→ **RECORDS FOR THIS EXERCISE**:
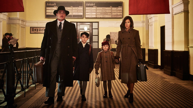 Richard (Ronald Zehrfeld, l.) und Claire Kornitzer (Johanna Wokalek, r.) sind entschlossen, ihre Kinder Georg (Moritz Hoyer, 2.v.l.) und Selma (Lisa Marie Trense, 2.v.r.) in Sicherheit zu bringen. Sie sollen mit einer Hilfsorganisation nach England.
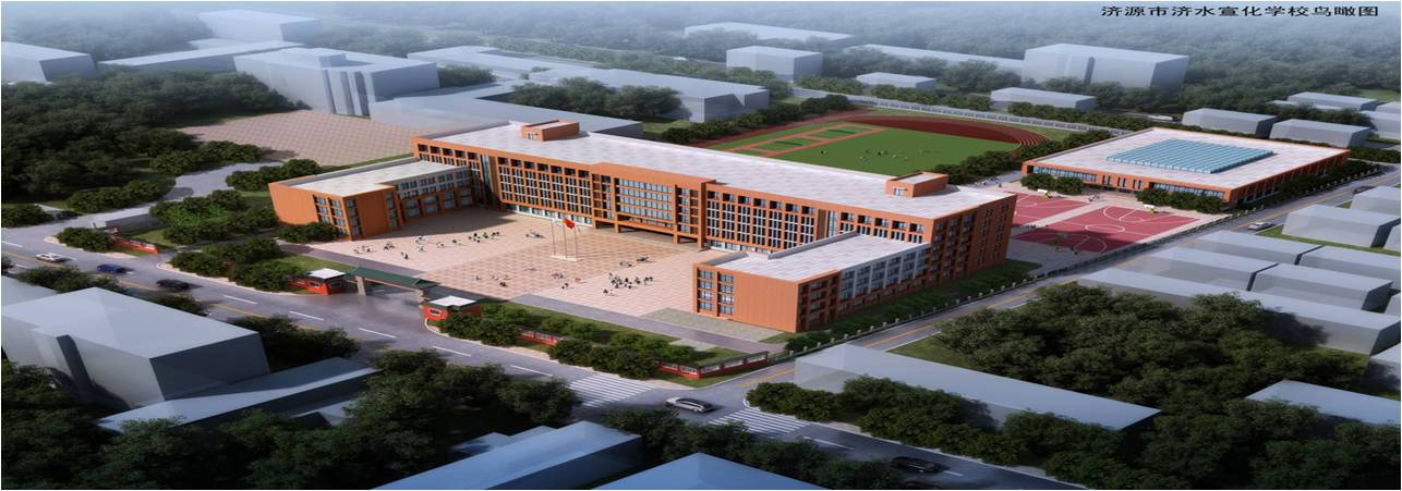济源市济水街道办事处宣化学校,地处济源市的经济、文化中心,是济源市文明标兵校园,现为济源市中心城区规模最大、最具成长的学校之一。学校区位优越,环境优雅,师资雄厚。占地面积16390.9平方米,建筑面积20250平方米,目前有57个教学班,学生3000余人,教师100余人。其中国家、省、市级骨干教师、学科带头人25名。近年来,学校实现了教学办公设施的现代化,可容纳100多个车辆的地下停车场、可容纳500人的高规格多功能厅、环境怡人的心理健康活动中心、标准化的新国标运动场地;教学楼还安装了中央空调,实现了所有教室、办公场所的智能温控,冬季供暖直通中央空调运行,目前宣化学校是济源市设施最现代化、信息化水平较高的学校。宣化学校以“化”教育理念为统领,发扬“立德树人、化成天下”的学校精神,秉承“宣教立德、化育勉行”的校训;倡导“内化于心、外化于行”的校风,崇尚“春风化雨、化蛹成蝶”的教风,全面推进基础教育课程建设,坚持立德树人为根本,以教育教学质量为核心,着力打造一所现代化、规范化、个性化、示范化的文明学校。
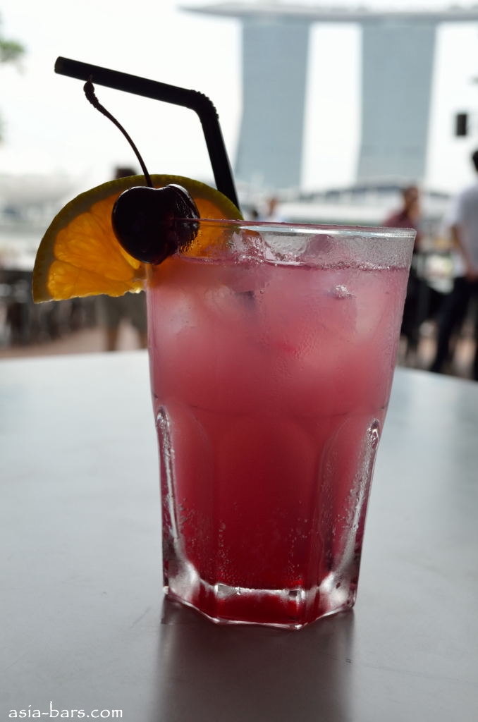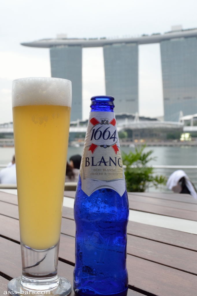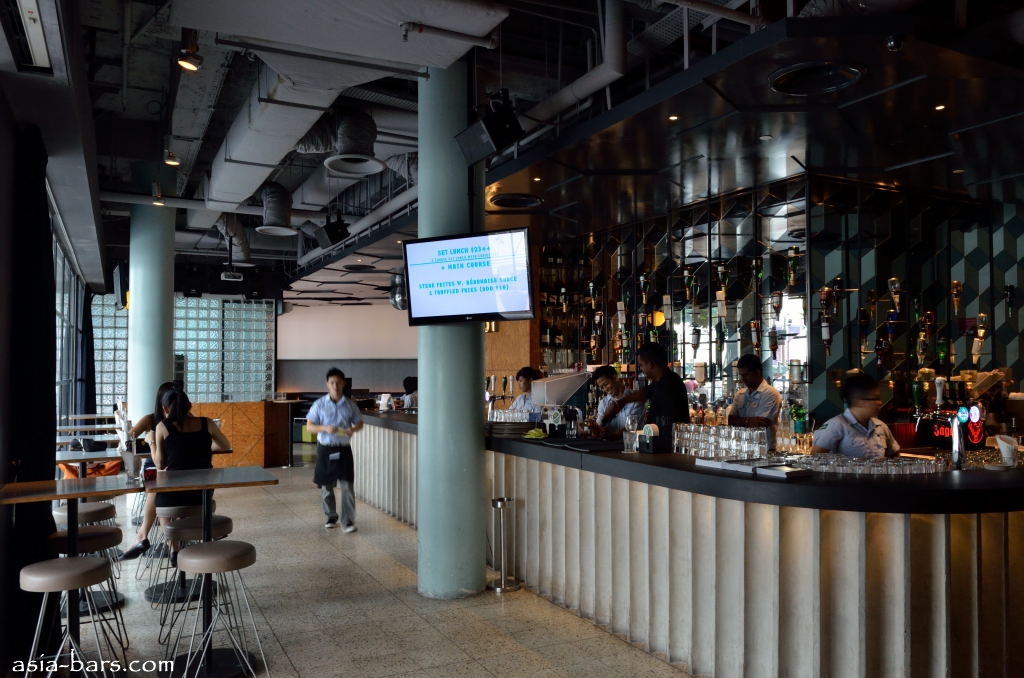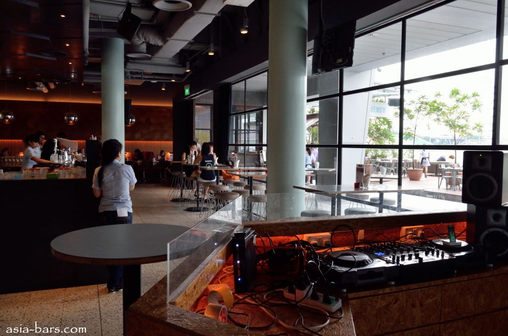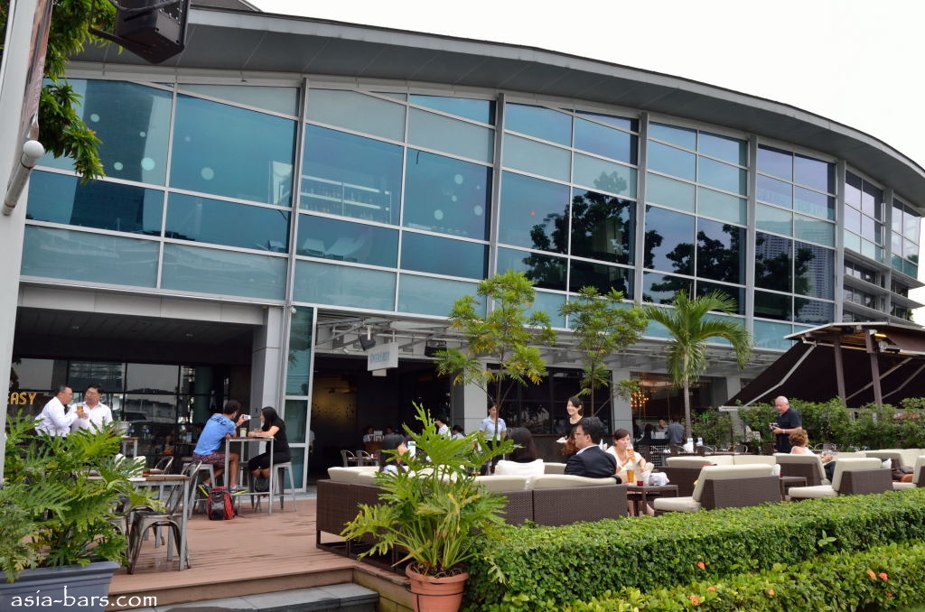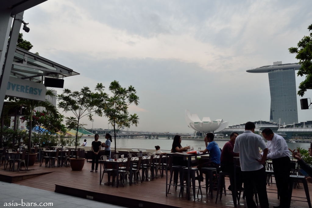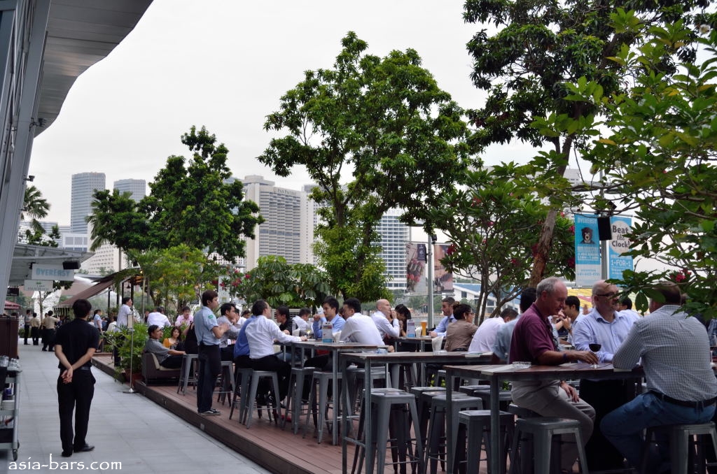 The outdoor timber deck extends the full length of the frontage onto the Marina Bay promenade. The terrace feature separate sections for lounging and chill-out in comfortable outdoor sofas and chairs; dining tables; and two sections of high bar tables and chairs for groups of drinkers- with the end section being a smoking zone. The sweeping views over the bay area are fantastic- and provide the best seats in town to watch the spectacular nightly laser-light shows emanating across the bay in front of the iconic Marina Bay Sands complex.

...

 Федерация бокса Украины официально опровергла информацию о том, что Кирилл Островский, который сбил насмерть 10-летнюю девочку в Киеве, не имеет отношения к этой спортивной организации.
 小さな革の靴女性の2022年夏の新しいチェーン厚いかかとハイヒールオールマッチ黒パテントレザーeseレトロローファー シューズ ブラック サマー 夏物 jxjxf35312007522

...

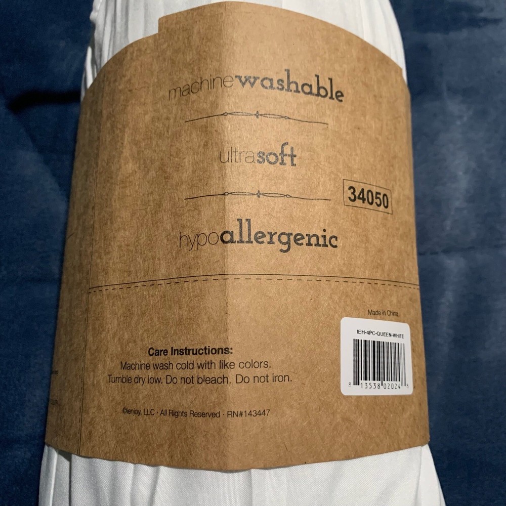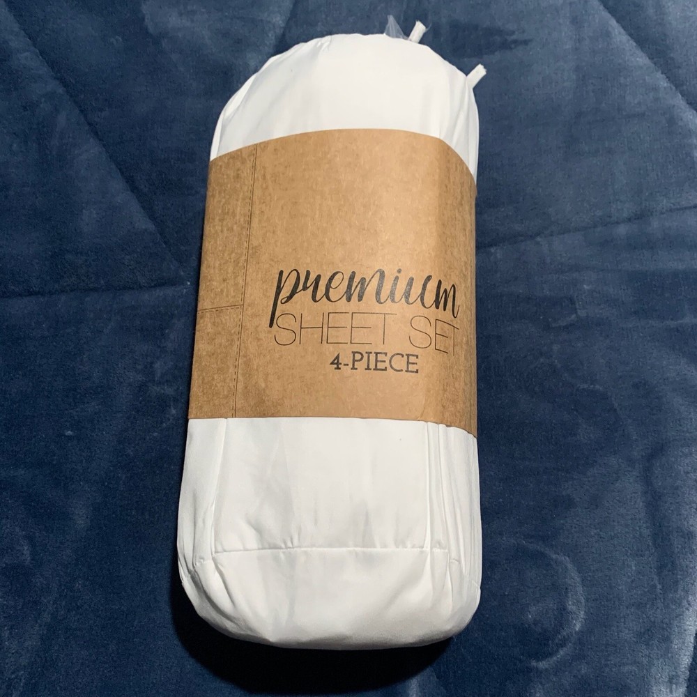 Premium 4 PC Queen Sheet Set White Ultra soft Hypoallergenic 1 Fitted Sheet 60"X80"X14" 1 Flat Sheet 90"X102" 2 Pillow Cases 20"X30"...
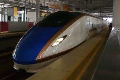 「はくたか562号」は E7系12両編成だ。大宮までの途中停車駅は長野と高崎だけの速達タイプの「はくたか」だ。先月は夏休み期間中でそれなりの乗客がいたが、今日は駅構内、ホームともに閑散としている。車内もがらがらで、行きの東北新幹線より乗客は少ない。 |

→ **DIRECTIONS**: Only one stretch of the entries above is needed: the lines from the one containing "Richard (Ronald Zehrfeld, l.)" through the one containing "济源市济水街道办事处宣化学校". Copy it exactly, without the pictures.

→ **EXERCISE RESULT**:
 Richard (Ronald Zehrfeld, l.) und Claire Kornitzer (Johanna Wokalek, r.) sind entschlossen, ihre Kinder Georg (Moritz Hoyer, 2.v.l.) und Selma (Lisa Marie Trense, 2.v.r.) in Sicherheit zu bringen. Sie sollen mit einer Hilfsorganisation nach England.
济源市济水街道办事处宣化学校,地处济源市的经济、文化中心,是济源市文明标兵校园,现为济源市中心城区规模最大、最具成长的学校之一。学校区位优越,环境优雅,师资雄厚。占地面积16390.9平方米,建筑面积20250平方米,目前有57个教学班,学生3000余人,教师100余人。其中国家、省、市级骨干教师、学科带头人25名。近年来,学校实现了教学办公设施的现代化,可容纳100多个车辆的地下停车场、可容纳500人的高规格多功能厅、环境怡人的心理健康活动中心、标准化的新国标运动场地;教学楼还安装了中央空调,实现了所有教室、办公场所的智能温控,冬季供暖直通中央空调运行,目前宣化学校是济源市设施最现代化、信息化水平较高的学校。宣化学校以“化”教育理念为统领,发扬“立德树人、化成天下”的学校精神,秉承“宣教立德、化育勉行”的校训;倡导“内化于心、外化于行”的校风,崇尚“春风化雨、化蛹成蝶”的教风,全面推进基础教育课程建设,坚持立德树人为根本,以教育教学质量为核心,着力打造一所现代化、规范化、个性化、示范化的文明学校。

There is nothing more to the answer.